Actualmente el porcentaje de tabajadores no registrados se sostiene- 30 años después- creándose un universo de empleados con distintos niveles de derechos acumulados que va de trabajadores en blanco, en negro, subcontratados, tercerizados, entre muchas otas fragmentaciones.

Pero también la flexibilización puede avanzar, un poco más desapercibida. De a pasitos. Cambios por sector de producción, arreglos directamente por empresa, algún negocio o acuerdo con las dirigencias sindicales. A esto también hay que prestarle mucha atención porque de a poco se buscan generar las condiciones para ataques más duros.

La historia demostró que estas reformas laborales no generan más empleo ni mejoran absolutamente nada para la clase trabajadora.

Quiénes defienden la flexibilizacion, y las reformas laborales, dicen que da más libertades, más posibilidades, más ganancias y esto es cierto. Pero los beneficios son exclusivos para los empresarios que tendrían mucha más libertad para contratar y despedir. Que podrían aumentar los ritmos de producción pagando menos; mientras que el otro sector, los empleados, ven afectados sus salarios y pierden horas de tiempo libre. Además de vivir en la incertidumbre y con la preocupación de que puedan despedirlos cuando quieran sin pagar ningún costo.

Pero la flexibilización no es que sólo avanza en sectores privados y los estatales gozan de derechos plenos. El estado empeoró muchisimo las condiciones de trabajo y los contratos de sus empleados. Hay miles de monotributistas y contratados temporalmente en dependencias estatales sin derecho a indemnización, aguinaldo ni vacaciones pagas desde hace años. Incluso hay muchos estatales que cobran hasta un 30 o 40% de su sueldo en negro.

Todo esto explica por qué sólo los empresarios piden la flexibilizacion laboral, y los estados la dejan pasar aunque armen un discurso contrario. No hay casos de marchas, movilizaciones ni convocatorias obreras que impulsen o exijan flexibilizar.

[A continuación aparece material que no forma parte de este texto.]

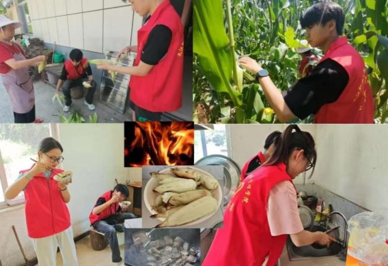 午間在廚房忙碌,在護(hù)工阿姨的指導(dǎo)下,隊員們從擇菜、洗菜到切配一系列動作雖生澀卻專注。灶膛里柴火噼啪作響,火苗映紅臉龐,炊煙裊裊升起。玉米掰開時“咔嚓”脆響,魚切塊時刀刃與砧板碰撞,都成了廚房交響樂。當(dāng)香氣四溢的蒸玉米、煎魚與軟糯米飯端上桌,朱奶奶顫顫巍巍地接過碗,眼中滿是對隊員們的贊許。這一頓午餐,不僅僅是食物的味道,更是愛的傳遞和延續(xù)。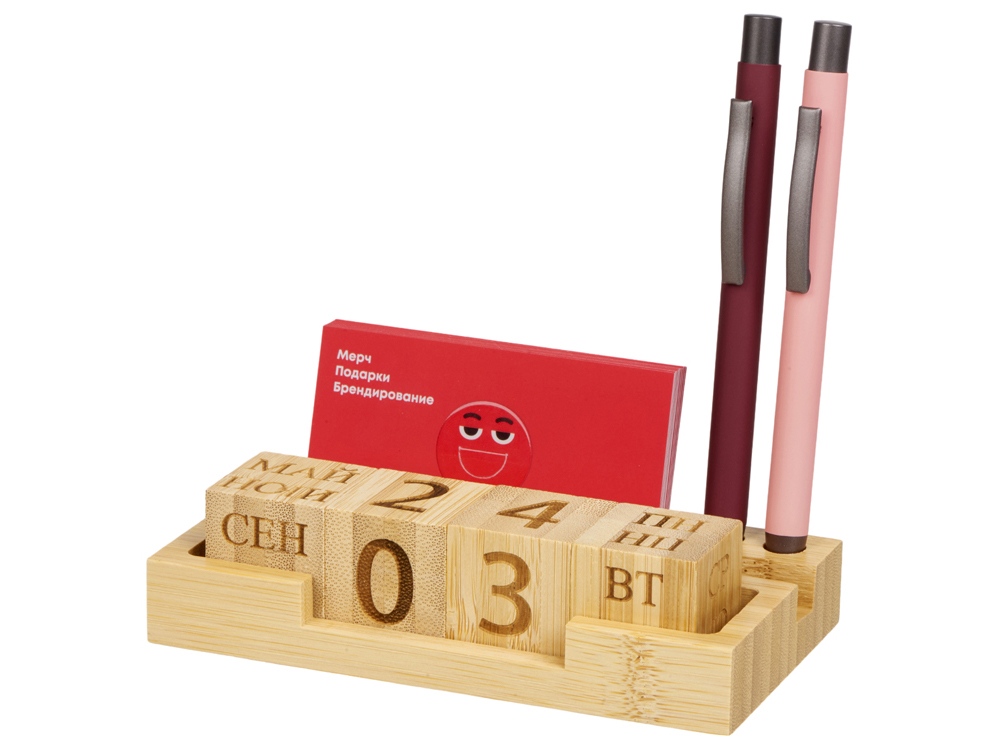 Настольный органайзер с вечным календарем и подставкой для мобильного телефона станет очень удобным помощником для организации пространства на рабочем столе. Кубиками можно выставить нужную вам дату и день недели. Также у органайзера есть подставка для визиток, телефона и 2-х ручек.
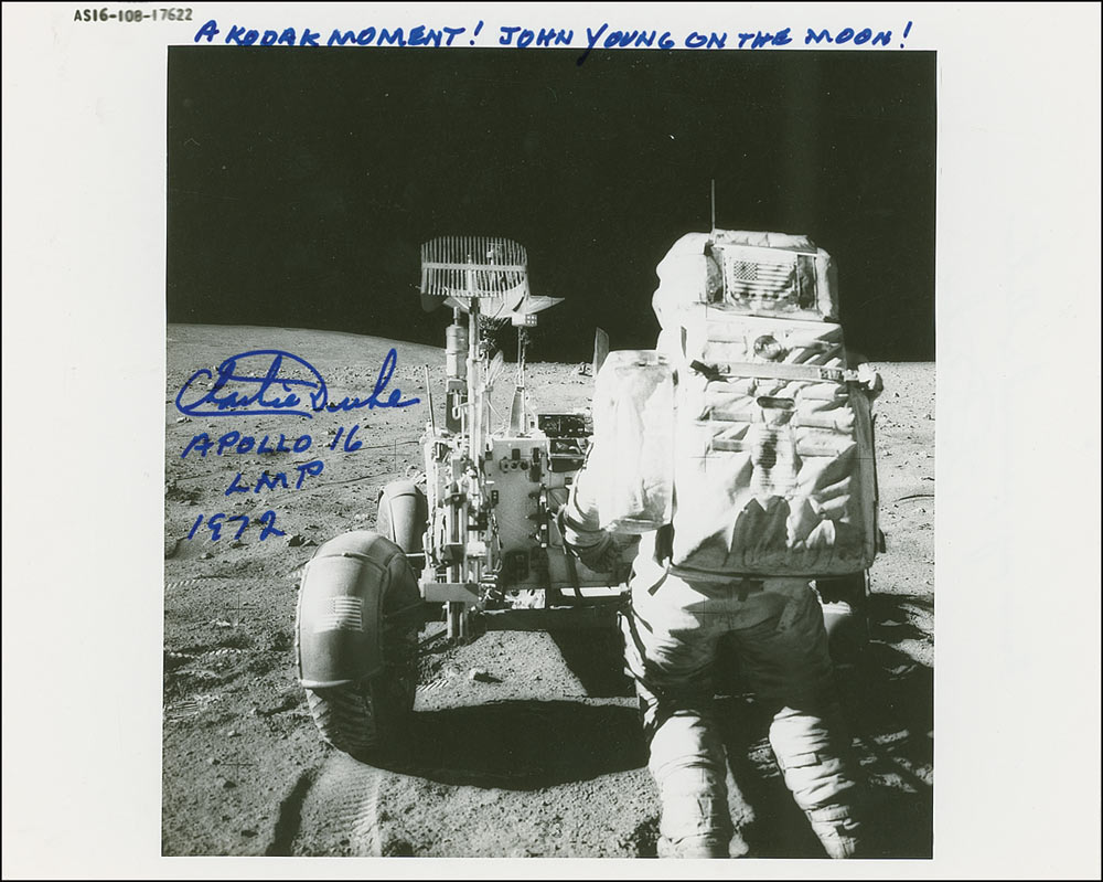 Color satin-finish 10 x 8 photo of John Young by the lunar rover on the surface of the moon, signed in blue felt tip, “A Kodak moment! John Young on the Moon! Charlie Duke, Apollo 16 LMP 1972,” and also signed on the reverse, “From my personal collection, Charlie Duke.” In fine condition, with silvering to darker areas, visible only at an angle, and a few light creases.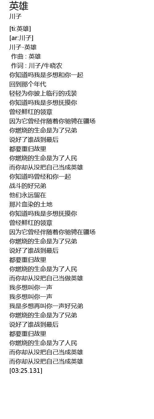| [03:06.130] | 你燃烧的生命是为了人民 |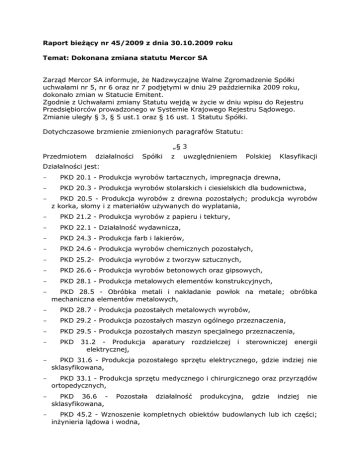 Raport bieŜący nr 45/2009 z dnia 30.10.2009 roku Temat: Dokonana zmiana statutu Mercor SA Zarząd Mercor SA informuje, Ŝe Nadzwyczajne Walne Zgromadzenie Spółki uchwałami nr 5, nr 6 oraz nr 7 podjętymi w dniu 29 października 2009 roku, dokonało zmian w Statucie Emitent. Zgodnie z Uchwałami zmiany Statutu wejdą w Ŝycie w dniu wpisu do Rejestru Przedsiębiorców prowadzonego w Systemie Krajowego Rejestru Sądowego. Zmianie uległy § 3, § 5 ust.1 oraz § 16 ust. 1 Statutu Spółki. Dotychczasowe brzmienie zmienionych paragrafów Statutu: „§ 3 Przedmiotem działalności Spółki z uwzględnieniem Polskiej Klasyfikacji Działalności jest: - PKD 20.1 - Produkcja wyrobów tartacznych, impregnacja drewna, - PKD 20.3 - Produkcja wyrobów stolarskich i ciesielskich dla budownictwa, - PKD 20.5 - Produkcja wyrobów z drewna pozostałych; produkcja wyrobów z korka, słomy i z materiałów uŜywanych do wyplatania, - PKD 21.2 - Produkcja wyrobów z papieru i tektury, - PKD 22.1 - Działalność wydawnicza, - PKD 24.3 - Produkcja farb i lakierów, - PKD 24.6 - Produkcja wyrobów chemicznych pozostałych, - PKD 25.2- Produkcja wyrobów z tworzyw sztucznych, - PKD 26.6 - Produkcja wyrobów betonowych oraz gipsowych, - PKD 28.1 - Produkcja metalowych elementów konstrukcyjnych, - PKD 28.5 - Obróbka metali i nakładanie powłok na metale; obróbka mechaniczna elementów metalowych, - PKD 28.7 - Produkcja pozostałych metalowych wyrobów, - PKD 29.2 - Produkcja pozostałych maszyn ogólnego przeznaczenia, - PKD 29.5 - Produkcja pozostałych maszyn specjalnego przeznaczenia, - PKD 31.2 - Produkcja elektrycznej, aparatury rozdzielczej i sterowniczej energii - PKD 31.6 - Produkcja pozostałego sprzętu elektrycznego, gdzie indziej nie sklasyfikowana, - PKD 33.1 - Produkcja sprzętu medycznego i chirurgicznego oraz przyrządów ortopedycznych, - PKD 36.6 sklasyfikowana, - PKD 45.2 - Wznoszenie kompletnych obiektów budowlanych lub ich części; inŜynieria lądowa i wodna, Pozostała działalność produkcyjna, gdzie indziej nie - PKD 45.3 - Wykonywanie instalacji budowlanych, - PKD 45.4 - Wykonywanie robót budowlanych wykończeniowych, - PKD 45.5 - Wynajem sprzętu budowlanego i burzącego z obsługą operatorską, PKD 51.4 - SprzedaŜ hurtowa artykułów uŜytku domowego i osobistego, PKD 51.5 - SprzedaŜ hurtowa półproduktów i odpadów pochodzenia nierolniczego oraz złomu, - PKD 51.8 - SprzedaŜ hurtowa maszyn, sprzętu i dodatkowego wyposaŜenia, - PKD 51.9 - Pozostała sprzedaŜ hurtowa, - PKD 52.6 - Handel detaliczny poza siecią sklepową, - PKD 63.1 - Przeładunek, magazynowanie, i przechowywanie towarów, - PKD 63.3 - Działalność związana z turystyką, - PKD 65.2 – Pozostałe pośrednictwo finansowe, - PKD 70.1 - Obsługa nieruchomości na własny rachunek, - PKD 71.3 - Wynajem maszyn i urządzeń, - PKD 73.1 - Prace badawczo – rozwojowe w dziedzinie nauk przyrodniczych i technicznych, - PKD 74.15 - Działalność holdingów, - PKD 74.2 - Działalność w zakresie architektury, inŜynierii, - PKD 74.3 - Badania i analizy techniczne, - PKD 74.4 – Reklama, - PKD 74.7 - Sprzątanie i czyszczenie obiektów, - PKD 74.8 - Pozostała działalność komercyjna, - PKD 93.0 - Pozostała działalność usługowa.” „§5 1. Kapitał zakładowy Spółki wynosi 3.558.758 (trzy miliony pięćset pięćdziesiąt osiem tysięcy siedemset pięćdziesiąt osiem) złotych i dzieli się na 14.235.032 (czternaście milionów dwieście trzydzieści pięć tysięcy trzydzieści dwa) akcji o wartości nominalnej 25 (słownie: dwadzieścia pięć) groszy kaŜda akcja. W Spółce wydano: 1) 12.454.544 (dwanaście milionów czterysta pięćdziesiąt cztery tysiące pięćset czterdzieści cztery) akcje zwykłe na okaziciela serii AA o numerach od AA1 do AA 12.454.544, 2) 1.780.488 (jeden milion siedemset osiemdziesiąt tysięcy czterysta osiemdziesiąt osiem) akcji zwykłych na okaziciela serii BB o numerach od BB 1 do BB 1.780.488.” „§16 1. Rokiem obrotowym Spółki jest rok kalendarzowy, z tym, Ŝe pierwszy rok obrotowy kończy się z dniem 31 grudnia 2004 roku.” Brzmienie paragrafów Statutu po zmianie: „§ 3 „Przedmiotem działalności gospodarczej Spółki jest według Polskiej Klasyfikacji Działalności w brzmieniu przyjętym rozporządzeniem Rady Ministrów z dnia 24 grudnia 2007 roku w sprawie Polskiej Klasyfikacji Działalności (PKD) (Dz. U. nr 251, poz. 1885 ze zm.): 1. Produkcja wyrobów tartacznych – 16.10.Z, 2. Produkcja gotowych parkietów podłogowych – 16.22.Z, 3. Produkcja pozostałych wyrobów stolarskich i ciesielskich dla budownictwa – 16.23.Z, 4. Produkcja pozostałych wyrobów z drewna; produkcja wyrobów z korka, słomy i materiałów uŜywanych do wyplatania – 16.29.Z, 5. Produkcja wyrobów z papieru i tektury – 17.2, 6. Pozostałe drukowanie – 18.12.Z, 7. Produkcja farb, lakierów i podobnych powłok, farb drukarskich i mas uszczelniających – 20.30.Z, 8. Produkcja pozostałych wyrobów chemicznych – 20.5, 9. Produkcja pozostałych wyrobów z gumy – 22.19.Z, 10. Produkcja wyrobów z tworzyw sztucznych – 22.2, 11. Produkcja pozostałych technicznych wyrobów ceramicznych – 23.44.Z, 12. Produkcja wyrobów z betonu, cementu i gipsu – 23.6, 13. Produkcja wyrobów formowanych na zimno – 24.33.Z, 14. Produkcja konstrukcji metalowych i ich części – 25.11.Z, 15. Produkcja metalowych elementów stolarki budowlanej – 25.12.Z, 16. Obróbka metali i nakładanie powłok na metale; obróbka mechaniczna elementów metalowych – 25.6, 17. Produkcja wyrobów noŜowniczych i sztućców – 25.71.Z, 18. Produkcja narzędzi – 25.73.Z, 19. Produkcja pozostałych gotowych wyrobów metalowych – 25.9, 20. Produkcja elektronicznych elementów i obwodów drukowanych – 26.1, 21. Produkcja sprzętu (tele)komunikacyjnego – 26.30.Z, 22. Produkcja instrumentów i nawigacyjnych – 26.51.Z, i przyrządów pomiarowych, 23. Produkcja urządzeń nap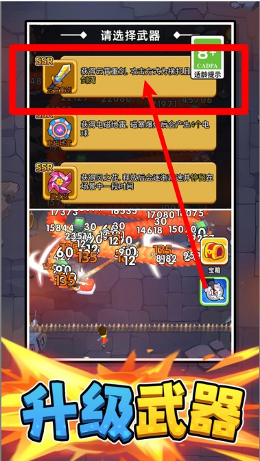 1.选择SSR神级武器:击杀敌人后可选择强化武器,如雷霆飞剑能提高攻击力,是通关高阶BOSS的关键装备之一。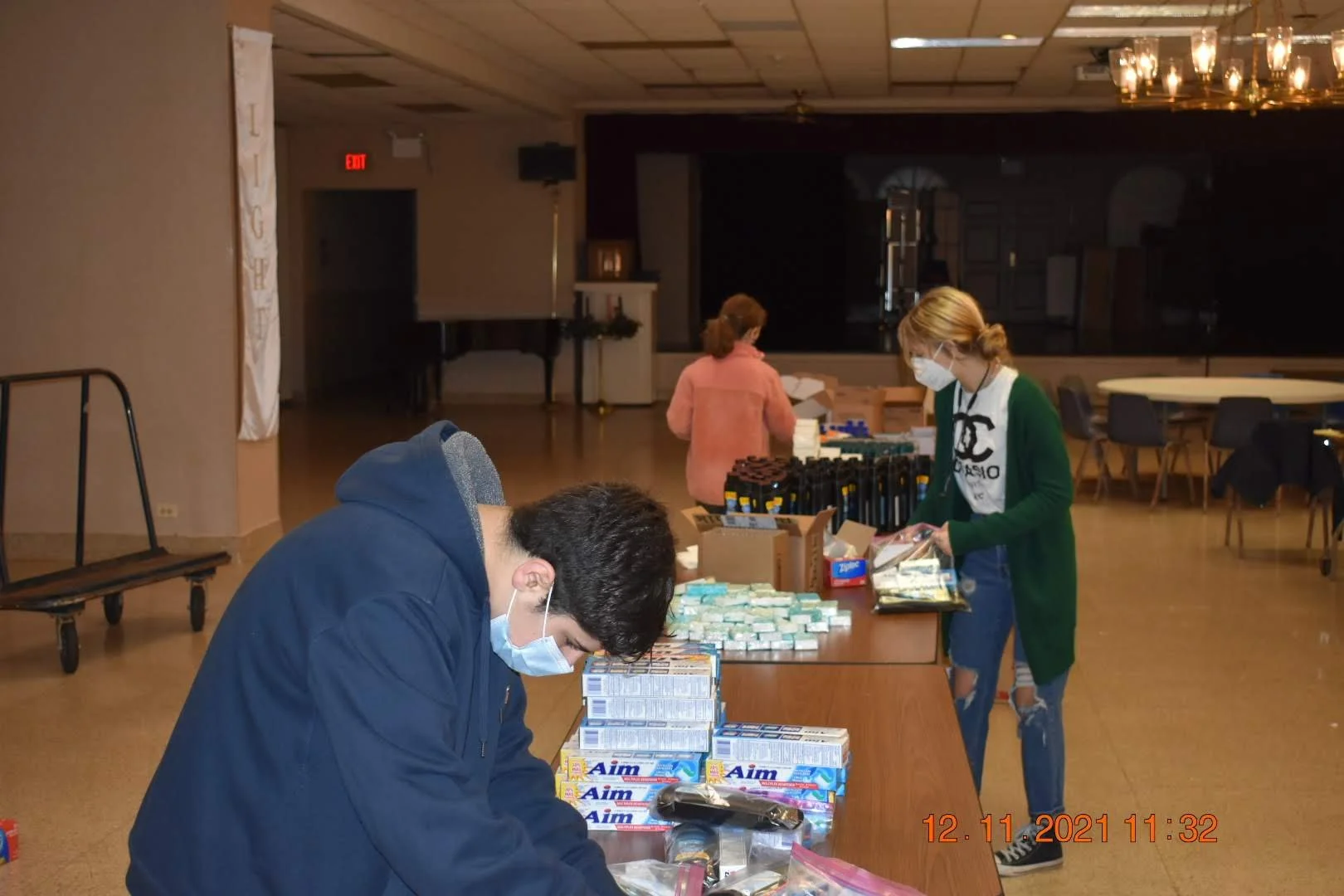 Each year St. Sabina sponsor ours troop with a substantial donation. With that donation we purchase personal hygiene items and pack them into ~200 kits.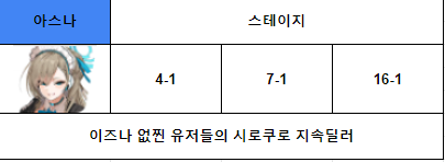 아스나는 이즈나 없찐 유저들을 위해서 포함 시켰습니다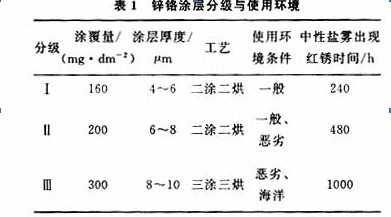 鋅鉻涂層分級(jí)與使用環(huán)境見表1。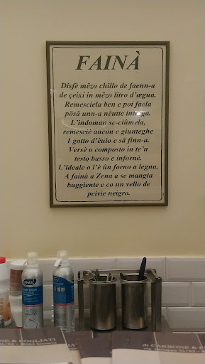Read moreDopo anni di conferme, non ho dubbi nel dire che qui si mangia la farinata migliore di Genova e dintorni. Non tornavo qui da prima del covid, ma la qualità non è cambiata. Ho assaggiato tutte i tipi di farinata proposti (peccato che siano meno rispetto al passato, non ho trovato quelle "stagionali" che comprendevano - ovviamente in base alla stagione - carciofi, baccalà, asparagi e funghi porcini). Si può ordinare la teglia di farinata (indicativamente 4 porzioni, ma è talmente buona che non sarà sufficiente) e scegliere fino a 4 condimenti diversi. Oltre alla classica, c'è quella con cipolle (assolutamente la migliore), con lo stracchino, con la salsiccia e con gorgonzola. La cottura è perfetta, non è asciutta ma nemmeno troppo unta, croccante ma morbida. A regola d'arte. Altri commensali hanno assaggiato la pizza e anche quella è molto buona. I dolci concludono degnamente il pasto. La spesa è nella media, ma la qualità è la bontà battono tutta la concorrenza. Il personale gentile e simpatico, sempre attenti...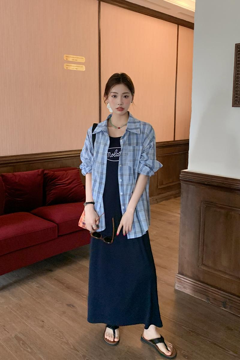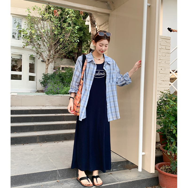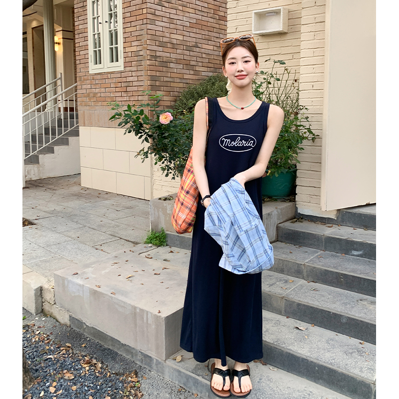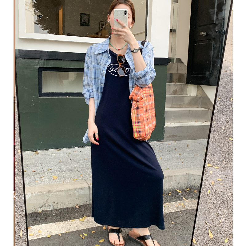 여성을위한 서스펜더 조끼 드레스 2025 New Spring Fat MM 슬림 치마 2 피스 긴 치마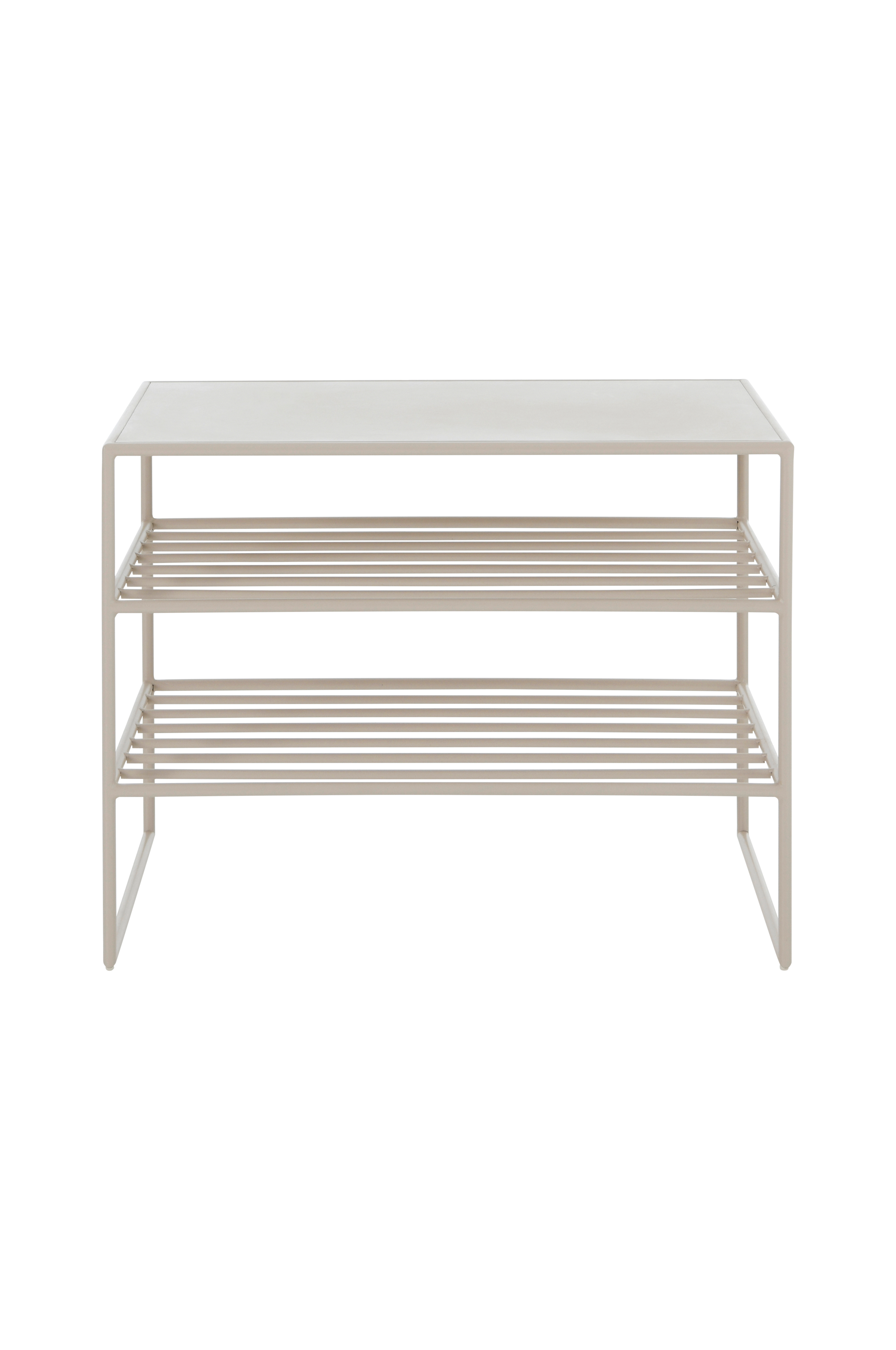 Kenkähylly/penkki jauhemaalattua metallia. Kaksi hyllytasoa päällyslevyn alla. Hyllytasojen välinen etäisyys 14/16,5 cm. Tila hyllyn alla 17 cm. Penkin enimmäiskuormitus 100 kg. Hyllytasojen enimmäiskuormitus 50 kg/hyllytaso.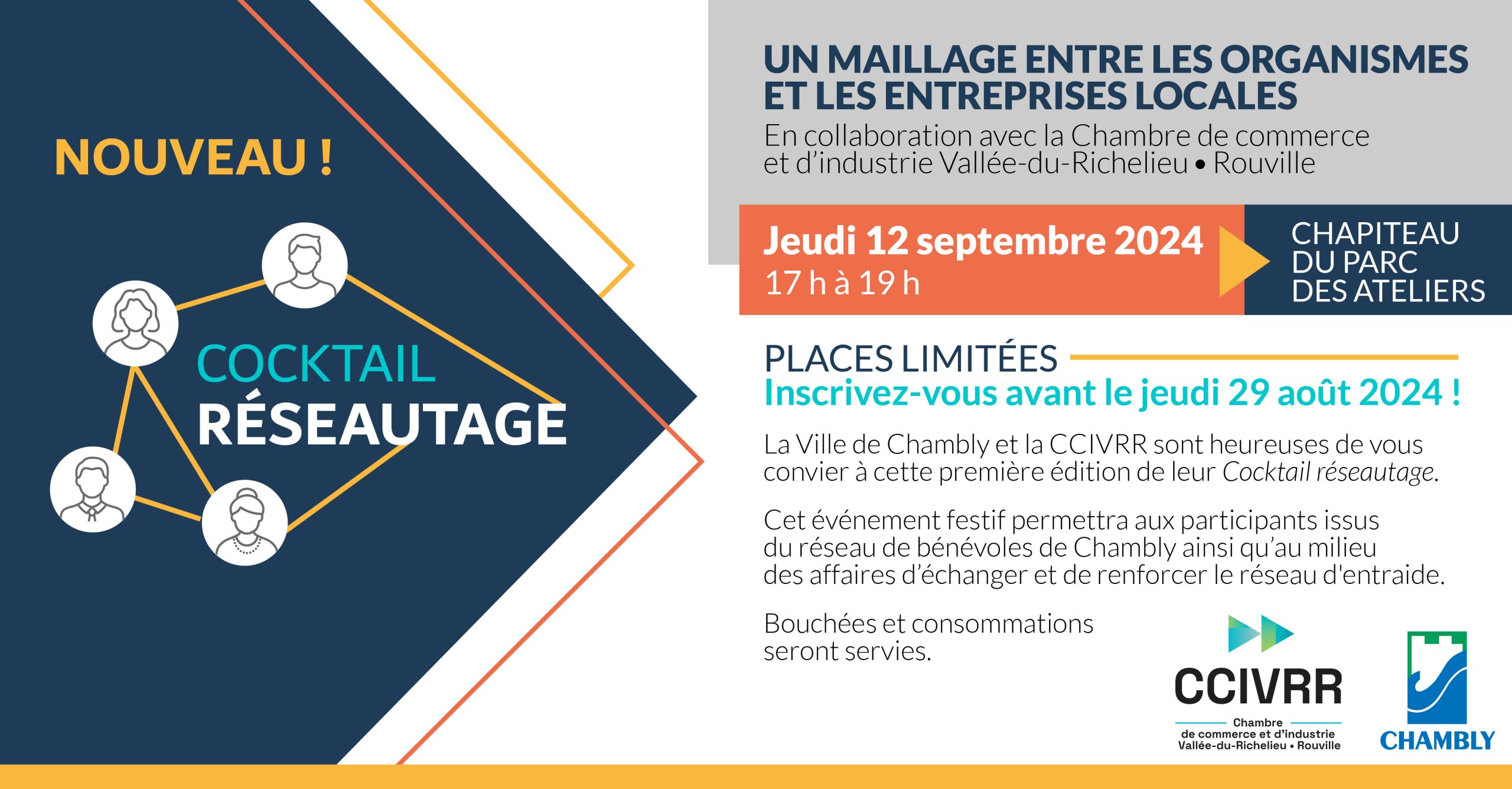 La Chambre de commerce et d’industrie Vallée-du-Richelieu – Rouville et la ville de Chambly s’associent pour la première édition du Cocktail réseautage.

Por eso la lucha contra la implementación de la flexibilización laboral es para recuperar o sostener todos esos derechos y porque cuanto más se ataca el trabajo en blanco, peor la pasan quienes estan en negro o no registrados. También es muy importante para unir de alguna forma a la clase trabajadora tan dividida en estos años y para limitar las posibilidades de los ricos y empresarios de despedir y bajar salarios sin que paguen ningún costo.